Each experiment was performed at least 3 times with different healthy donors, and only the 60:1 E-T ratios are reported in the figures for clarity.
Rapid stimulation of MAPK phosphorylation by C albicans Our first attempt to investigate the signaling pathways required for microbial killing in PMNs was to examine if C albicans could activate MAPK. Exposure of human PMNs to C albicans rapidly induced a transient activation of MAPK as detected by Western blotting with antiactive MAPK that recognized the phosphorylated TEY motif. MAPK activation peaked at 2 minutes and declined by 5 minutes (Figure 1A). This is in sharp contrast to MAPK activation by granulocyte-macrophage colony-stimulating factor (GM-CSF) (100 U/mL), a survival cytokine that consistently induced a long-lasting MAPK/ERK activity (Figure 1B), indicating that C albicans-induced MAPK/ERK activation may be associated with immediate PMN antifungal activity.

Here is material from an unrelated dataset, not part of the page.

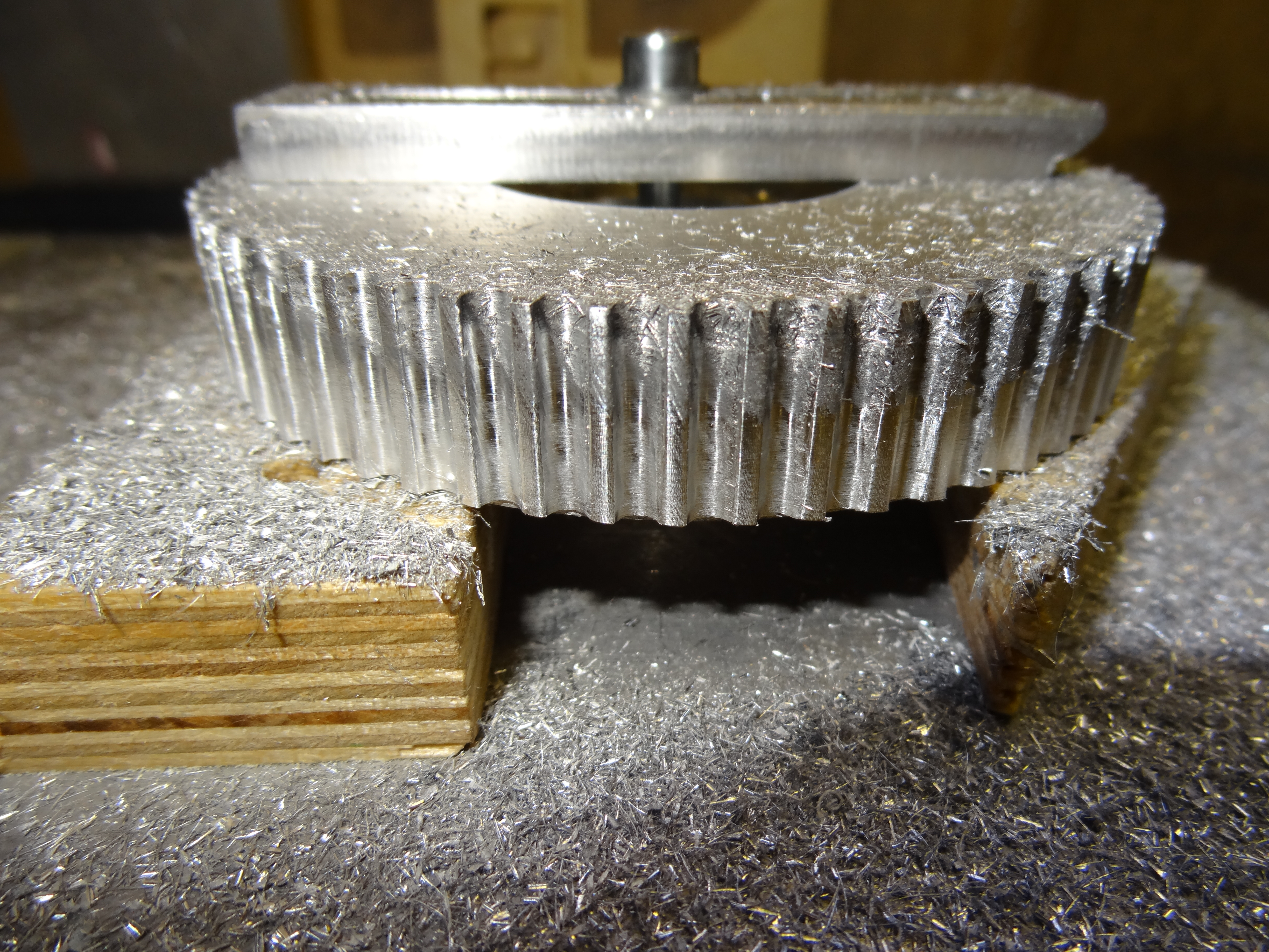 Мелкую фрезу отгибает, поэтому сложно попасть в размер. Но если пилить вертикально (плунжерное фрезерование), тогда сразу хорошо снимает, и поверхность приличная выходит. Если предварительно дырки насверлить, то потом можно фрезой потолще по окружности отрезать. Шестерня была нужна для ремня HTD-5М, там по расчетам на 60 зубов длина окружности должна быть 300 мм, а по факту от силы 295.

MAPK is associated with PMN killing of C albicans To examine if MAPK/ERK controls function in PMNs, an inhibitor of MEK, PD098059, was added to PMNs for 2 hours prior to the addition of C albicans. While control PMNs cultured in medium alone or medium containing the inhibitor solvent DMSO significantly suppressed the growth of C albicans, increasing doses of PD098059 prevented PMN-mediated growth inhibition of C albicans (Figure 2A). As a control, whole-cell lysates prepared from the same pools of PMNs were evaluated for active MAPK/ERK, and the doses of PD098059 that inhibited PMN antimicrobial function also correspondingly inactivated MAPK/ERK phosphorylation (Figure 2B). Although phagocytosis mediated by fMLP has been demonstrated to involve p38 MAPK, addition of a p38 MAPK-selective inhibitor, SB203580, failed to reverse PMN-mediated growth suppression of C albicans (data not shown). These results suggest that MAPK/ERK activation and not p38 MAPK is required for the direct antimicrobial killing function of PMNs.
Vaccinia viral expression of dominant-negative MEK1 but not Ras prevented PMN antimicrobial activity To confirm the involvement of MAPK/ERK in antimicrobial activity, PMNs were either mock infected or infected with vaccinia virus encoding dominant-negative MEK1 (dnMEK1). Infection was carried out for 4 hours, which provided sufficient time for ample production of proteins from viral delivery without loss of cell viability. CD56, which is not endogenously expressed in PMNs, was also introduced into a separate PMN pool as a nonspecific infection control. MAPK phosphorylation was induced by C albicans after 5 minutes in mock-infected PMNs. However, overexpression of dnMEK1 ablated MAPK/ERK phosphorylation in response to C albicans (Figure 3A). Expression of the irrelevant gene, CD56, had no effect on MAPK/ERK activation. Because the Ras/Raf/MAPK pathway is thought to be the predominant signaling event linked to MAPK activation,40 we next examined whether Ras was involved in MAPK activation of PMNs and antifungal activity. Dominant-negative Ras (N17Ras) expression in PMNs, unlike dnMEK1, had no suppressive effects (Figure 3A).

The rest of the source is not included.